Serdtse (Russian: Сердце, English translation: "Heart") is in its version sung by Pyotr Leshchenko one of the most frequently performed Argentine Tango songs not sung in the Spanish language.


Originally the song was known as Как много девушек хороших (Such a lot of nice girls). It was written by Vasily Lebedev-Kumach for the 1934 Soviet fim musical Jolly Fellows. The music was by Isaak Dunayevsky. The first singer of the song was Leonid Utyosov.

In 1935, Pyotr Leshchenko started to sing the song in Argentine tango fashion. Although music by Leshchenko was officially disliked in the Soviet Union, the version as sung by Leshchenko gradually became the norm. However, in the former Soviet Union, the song is still perceived as a traditional Russian romance, whereas elsewhere in the world, the song is seen exclusively as an Argentine tango song. This tango version was always known as "Serdtse". The title change may actually have been a simple mistake, since "Serdtse" was also the title of another song in the musical.

In 1984, a collection of songs and poems by Vasily Lebedev-Kumach was published in Moscow.
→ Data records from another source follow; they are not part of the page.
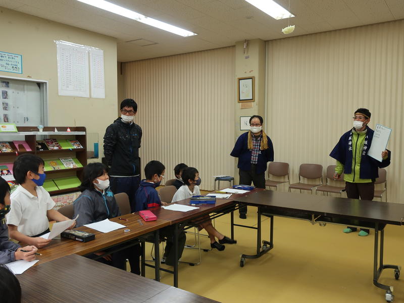 「神楽でお面をかぶるのはなぜですか?」「神楽の衣装はどんなものがあるのですか?」といった子ども達の質問にていねいに答えていただきました。
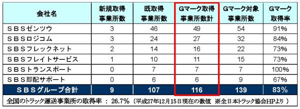 SBSグループは、(社)全日本トラック協会が昨年12月に実施した貨物自動車運送事業安全性評価事業(以下、Gマーク制度)2015年度安全性優良事業所※の評価にて、新たに9事業所が認定を受けました。これによりGマーク認定事業所数は116、取得率は、2014年度の80%から83%になりましたことをお知らせします。
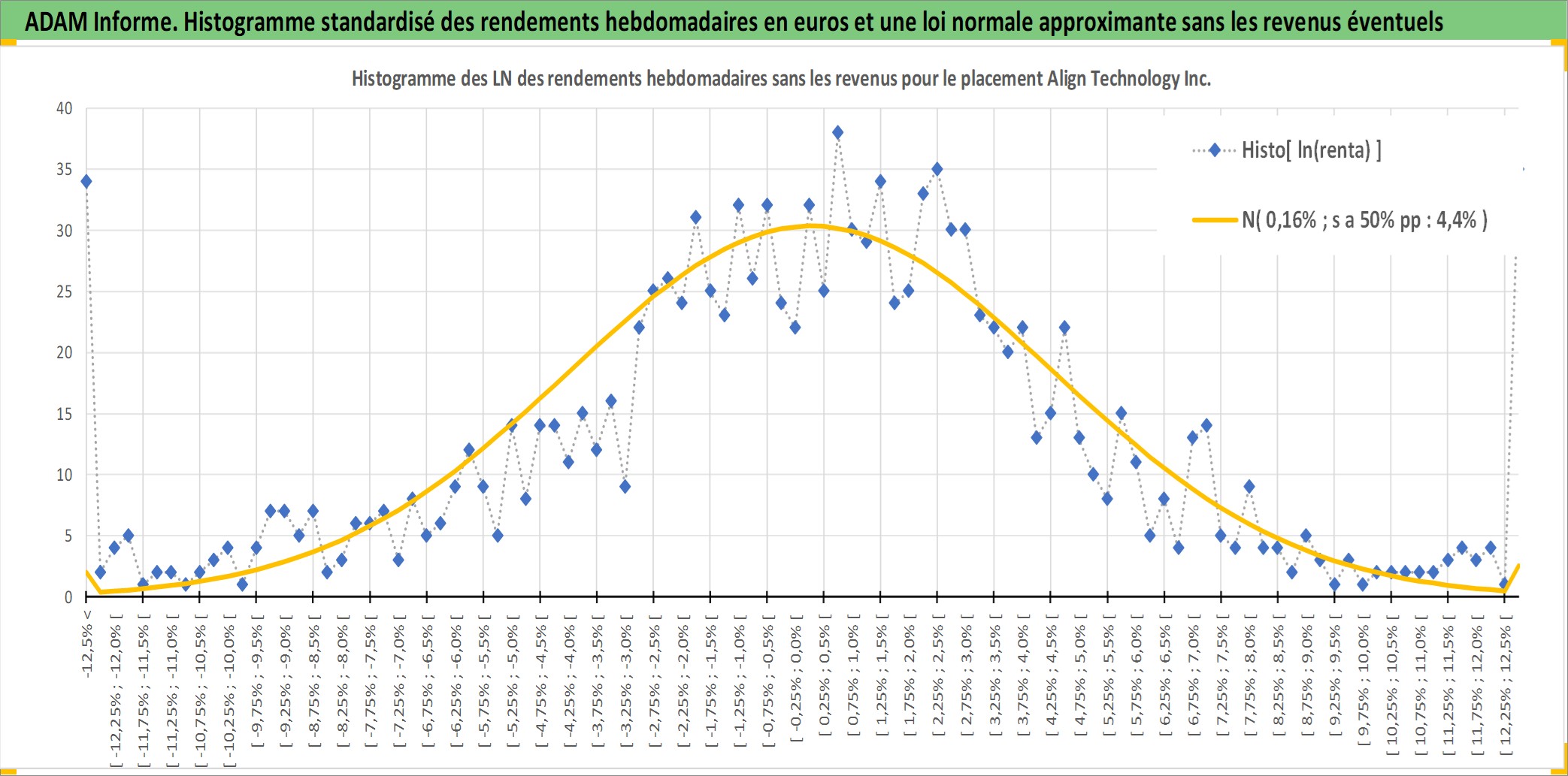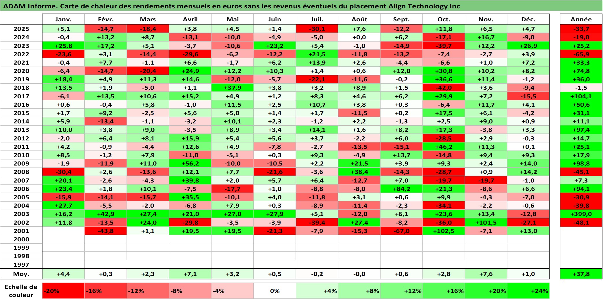 Site dédié aux investisseursPage dédiée sur site financeAnalyse des valorisations hebdomadaires de l'action Align Technology Inc. Cet actif est cote en USD. Les valorisations sont en contrevaleur EURO et couvrent les semaines 2001W04 a 2026W01. Les revenus de cet actif financier ne sont pas connus car non existants ou non disponibles sur le site Yahoo Finance. La note ESG de cet actif n'est pas connue.
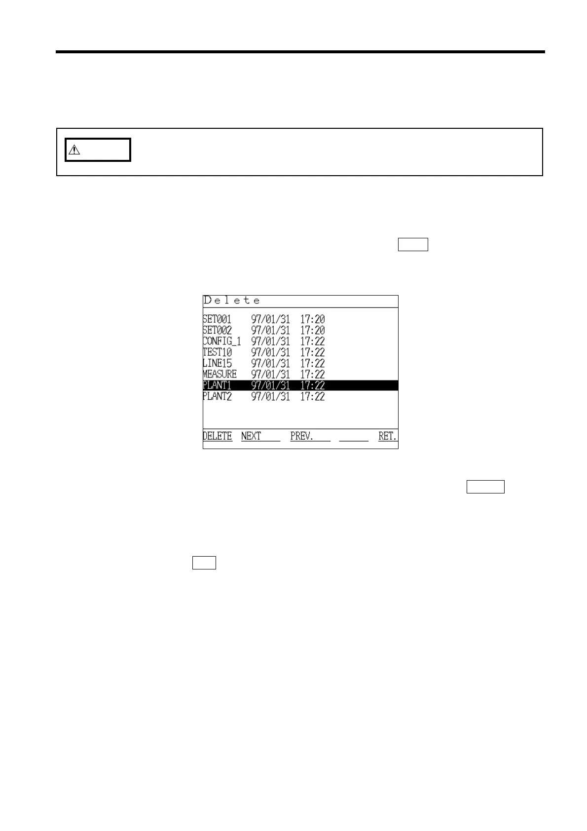 (2) Position the cursor at "Delete" and then press the
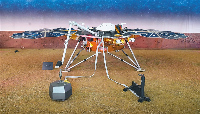 “洞察”号无人探测器传回的火星首张照片。 新华社/美联
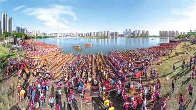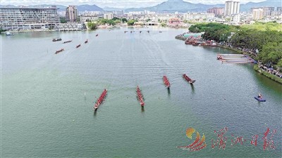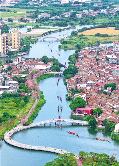 龙舟巡游,与清水、绿岸、粉花、民居、桥梁、田园等构成美丽画卷。
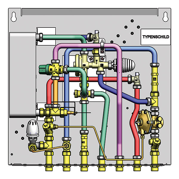 Compact substation for drinking water systems and radiator heating utilising a counter current heat exchanger made of Copper brazed stainless steel. Central controller for hot water only operates as a pressure drop is detected when a hot tap is opened. Assembly is available in surfacemounting or flush-mounted versions. Pipe connection to an HIU is realised by means of a patented mounting system with pre-mounting unit. This unique installation system saves the installer the often complicated and time-consuming calibration and adjustment measures required on existing (pre-) installations. Ball valves can be connected to the floor.
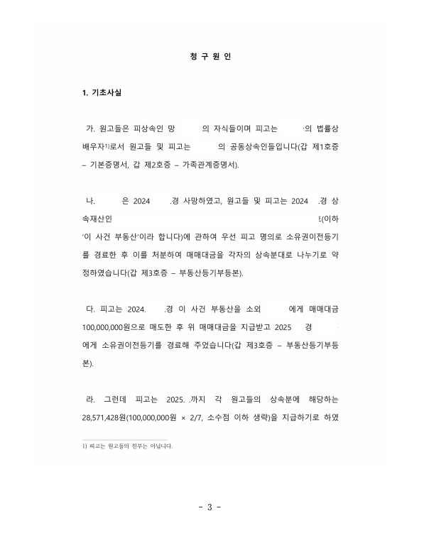 의뢰인들과 피고는 공동상속인 관계인데 피고는 상속재산을 처분하여 그 매매대금을 상속분에 따라 분할하기로 합의하고 상속재산을 처분하여 매매대금을 취득하였는데 약속과 달리 약정금을 지급하지 않아 의뢰인들은 저를 찾아오셨습니다.
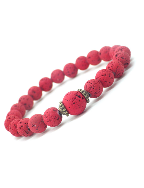 Eine prächtige handwerkliche Kreation von ThurColas Creation. Dies ist ein Damenarmband aus natürlichen roten Lavasteinperlen (Halbedelstein), verziert mit antiken bronzefarbenen Messingbechern. Alles ist auf einem hochwertigen elastischen Faden montiert. Stil: Klassisch, schick, Ethnisch, Böhmisch Länge: 19 cm Perlen: 10 mm Materialien: Roter Lavastein (Halbedelstein), Messing Farbe: Rot Metallfarbe: Antikbronze
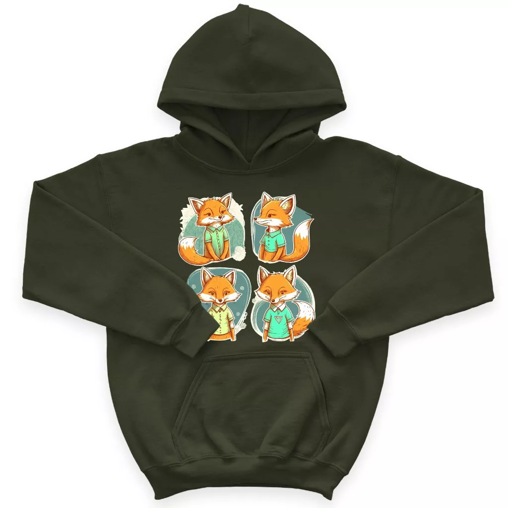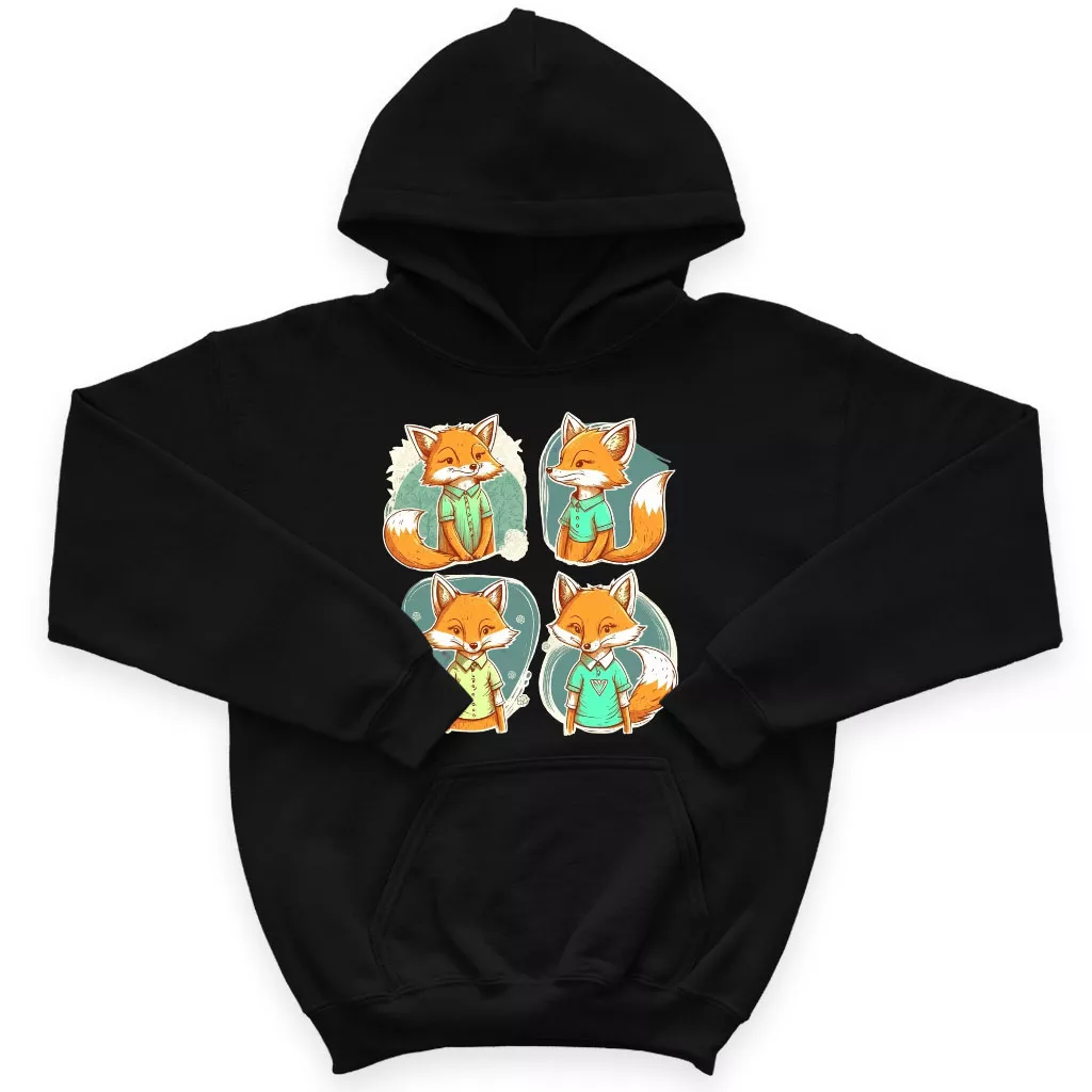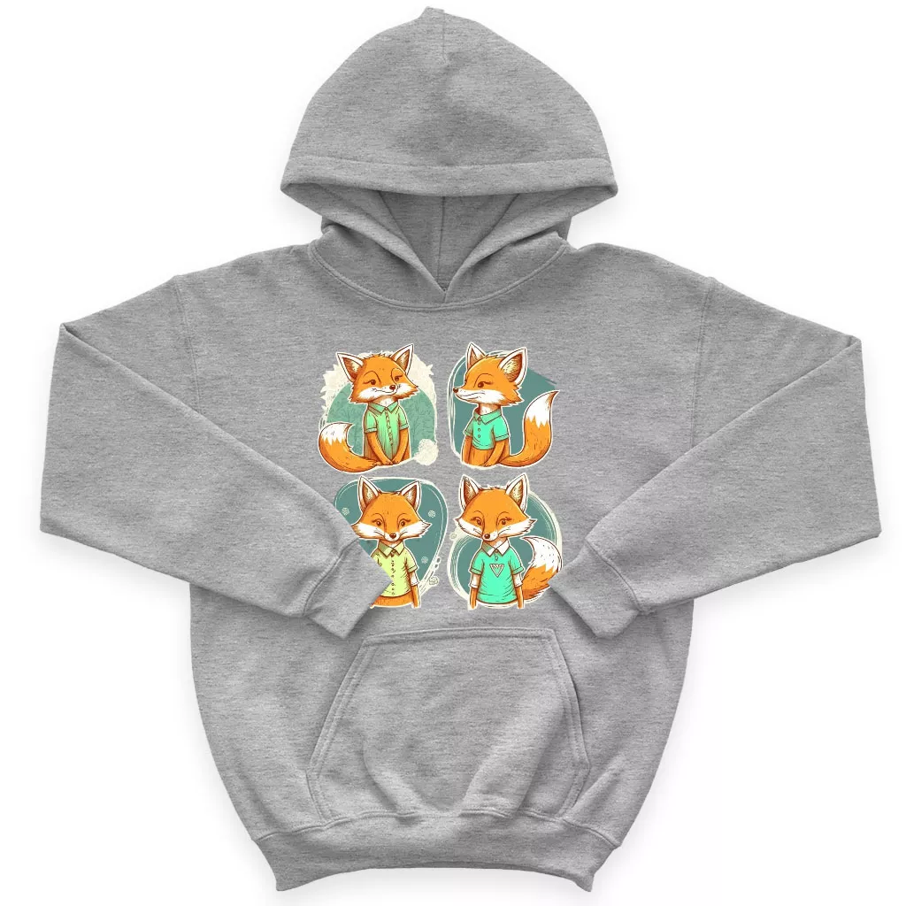 Kawaii Fox Kids’ Sponge Fleece Hoodie – Cartoon Design Kids’ Hoodie – Animal Hoodie for Kids
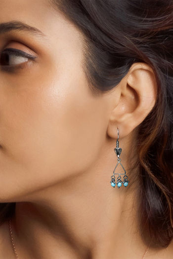 AVNI by Giva 925 Oxidised Silver Turquoise Bead Triangle Earrings
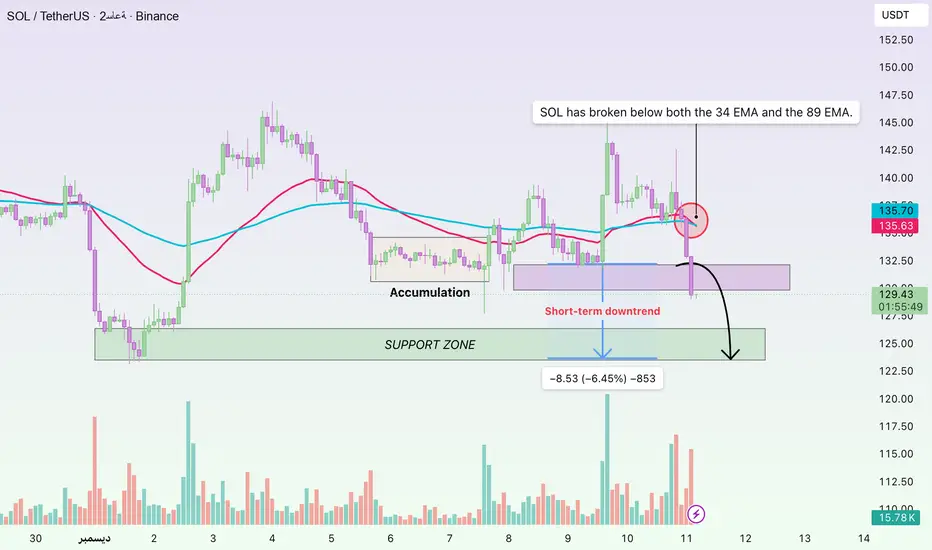 على الرسم البياني 2H، فقدت SOL رسميًا هيكل الاتجاه الصاعد مع إغلاق السعر بقوة أدنى كل من EMA 34 و EMA 89. يشير الإغلاق دون هذه المتوسطات إلى أن الزخم الصاعد قد انكسر وأن الاتجاه قصير المدى أصبح هابطًا. كما أن كسر منطقة الدعم 134–135$ يؤكد حدوث Break of Structure هابط، مصحوبًا بارتفاع حجم البيع — مما يدل على أن هذا بيع حقيقي وليس مجرد ضوضاء.
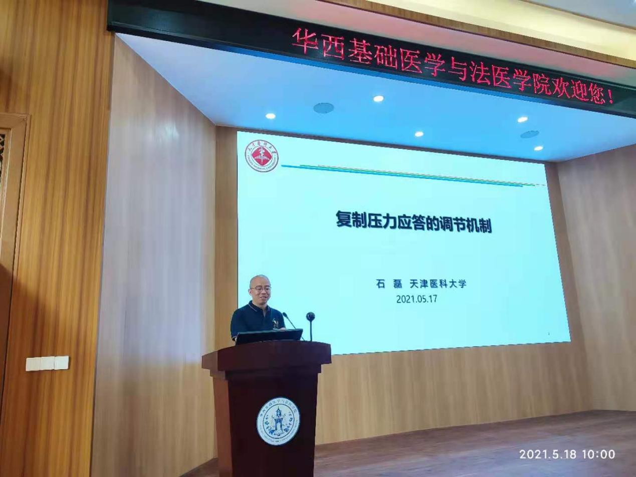 2021年5月18日上午10:00,应永利官网邀请,天津医科大学基础医学卓越研究中心石磊教授在华西校区五教报告厅做了题为“复制压力应答的调节机制”的学术报告。
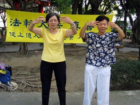 林姐六十四岁,以前是佛教弟子,每天有运动习惯。林姐很早就听过法轮功,因为住嘉义的弟弟也是学员,曾给她一些功法的资讯,她偶而会炼炼,但是真正开始学炼是两个月前。她路经炼功点,在辅导员的热诚辅导下,她讶异自己竟然能坚持下来,和以前运动偶一为之的习惯不同。七月份,她和女儿一起参加法轮功的九天学习班,林姐表示,法轮大法教人做好人、要善,她感觉能接受。

The text of this song was arranged in the Leshchenko fashion, but the title was quoted as "Kak horosho na svete zhit' !" (How great it is to be alive!)

The Russian Romance version of the song has been translated in Polish as "Jak wiele jest ładnych dziewczyn".


(A)Kak mnogo devushek horoshih

Kak mnogo laskovyh imyon

No lish' odno iz nih trevozhit

Unosya pokoy i son - kogda vlyublyon

(B)Lyubov nechayanno nagryanet

kogda eyo sovsem ne zhdyosh

i kazhdyi vecher srazu stanet

Udivitel'no horosh - i ty poyosh'

(R)Serdtse - tebe ne hochetsya pokoya

Serdtse - kak horosho na svete zhit'

Serdtse - kak horosho chto ty takoe

Spasibo serdtse, chto ty umeesh' tak lyubit'

(the whole song is then repeated instrumentally only, except for the last two lines)


There're so many nice girls!

There're so many endearing names!

But only one of them bothers me,

keeping away my calm and sleep - when I am in love.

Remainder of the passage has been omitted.